Farmington • A judge will decide in June whether a West Point teen will be tried as an adult on charges that he fatally stabbed his two adopted brothers last year.
The certification hearing was delayed one month to June 25-27 so attorneys can finish collecting medical records and expert reports. Prosecutors have said they will push for the 15-year-old to be charged as an adult; defense attorneys will ask Second District Juvenile Judge Janice Frost to keep the boy in the juvenile system.
The teen was arrested May 22 after his mother called 911 to report finding her 4-year-old son dead on the floor of her West Point home, and her 15-year-old and 10-year-old sons missing. Deputies found the 10-year-old’s body in another part of the house. Both victims suffered “penetrating knife wounds,” Davis County Sheriff Todd Richardson has said.
Officers later that night found the 15-year-old walking in Layton, about 8 miles from the crime scene. He was taken to a hospital and then to the Davis County Sheriff’s Office interrogation room for what would become a controversial interview. The teen was held for questioning into the next morning and pressured by four detectives to give statements even though he refused multiple times and had fallen asleep twice, his defense attorneys claimed.
Frost in November agreed that the questioning violated the boy’s Miranda rights, and his statements could not be used against him in the case. Prosecutors have declined to discuss what the boy said or how the loss of those statements would affect their case. But certain other spontaneous statements made by the teen can still be used by prosecutors, according to attorneys and court documents. Also, police have said that traces of blood found on the teen link him to the crime scene.

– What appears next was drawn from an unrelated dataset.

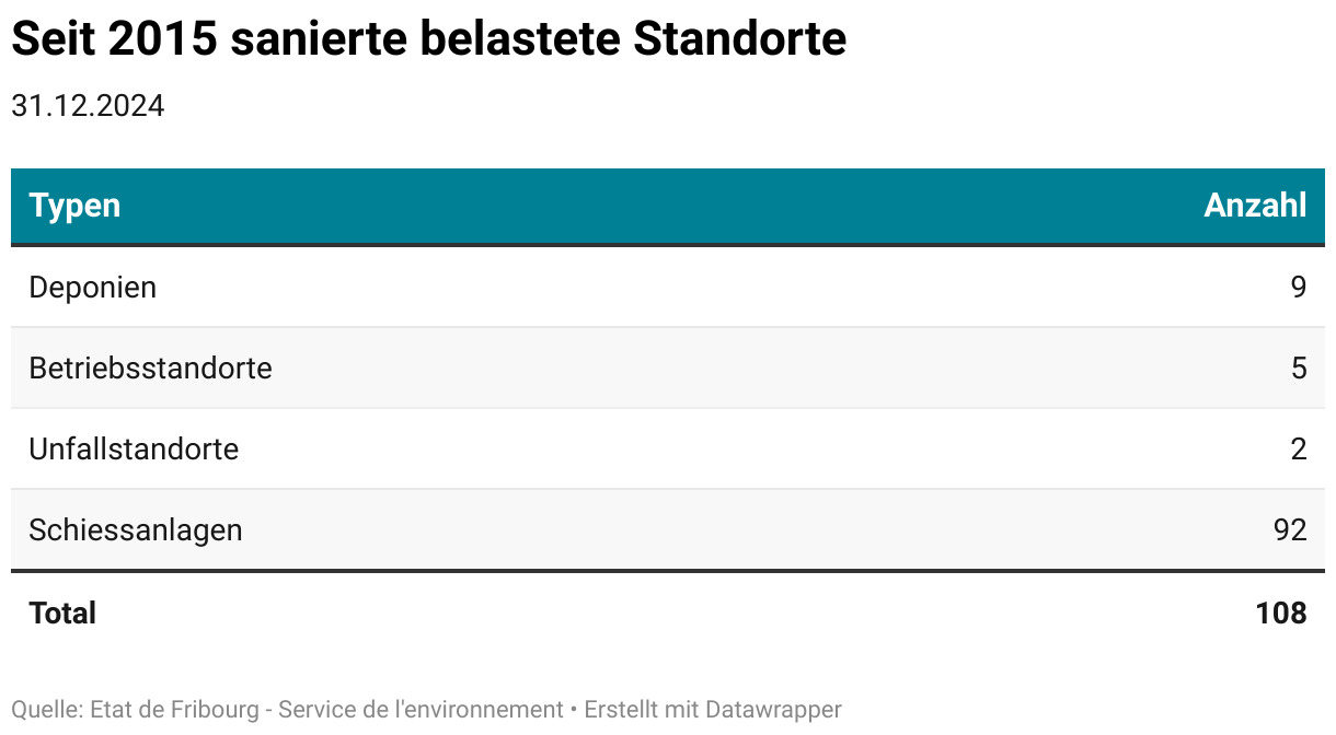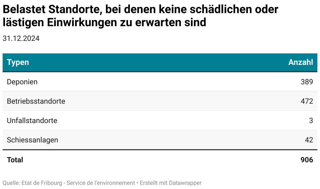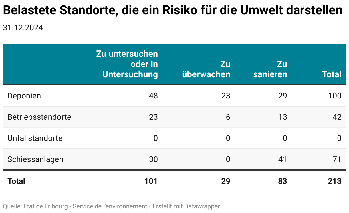 Der Kanton führt ein Kataster, in dem Standorte erfasst sind, an denen Schadstoffe verwendet, ausgeschüttet oder gelagert wurden (Ablagerungsstandorte von Abfällen, Betriebsstandorte, Unfallstandorte und Schiessanlagen). Untersuchungen werden durchgeführt, um Umweltschäden zu identifizieren, belastete Standorte zu sanieren oder längerfristige schädliche Einwirkungen zu verhindern. Ziel ist es, das Einbringen von Schadstoffen in das Grundwasser, in Oberflächengewässer, in den Boden und in die Luft zu unterbinden.

The teen is lodged at the Farmington Bay Youth Detention Center and is receiving therapy, a guardian ad litem told Frost on Thursday. The teen’s father sat beside the boy during the hearing.

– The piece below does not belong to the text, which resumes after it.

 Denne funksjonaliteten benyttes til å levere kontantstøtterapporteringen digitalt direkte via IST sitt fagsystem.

Prosecutors and defense attorneys also alerted Frost they plan to request changes to media access to future court proceedings. Defense attorney Todd Utzinger said June’s certification hearing could introduce testimony that is “sensitive to the family,” Utzinger said.
“We want to be sensitive to that,” Utzinger said. Frost said media organizations will have an opportunity to weigh in on any changes to court rules.
The Salt Lake Tribune initially reported the name of the 15-year-old in an effort to help police locate him. However, after the teen’s arrest, and consistent with the newspaper’s policy of not naming juvenile criminal suspects, his name is now being withheld.
The teen has no prior criminal history, according to court officials.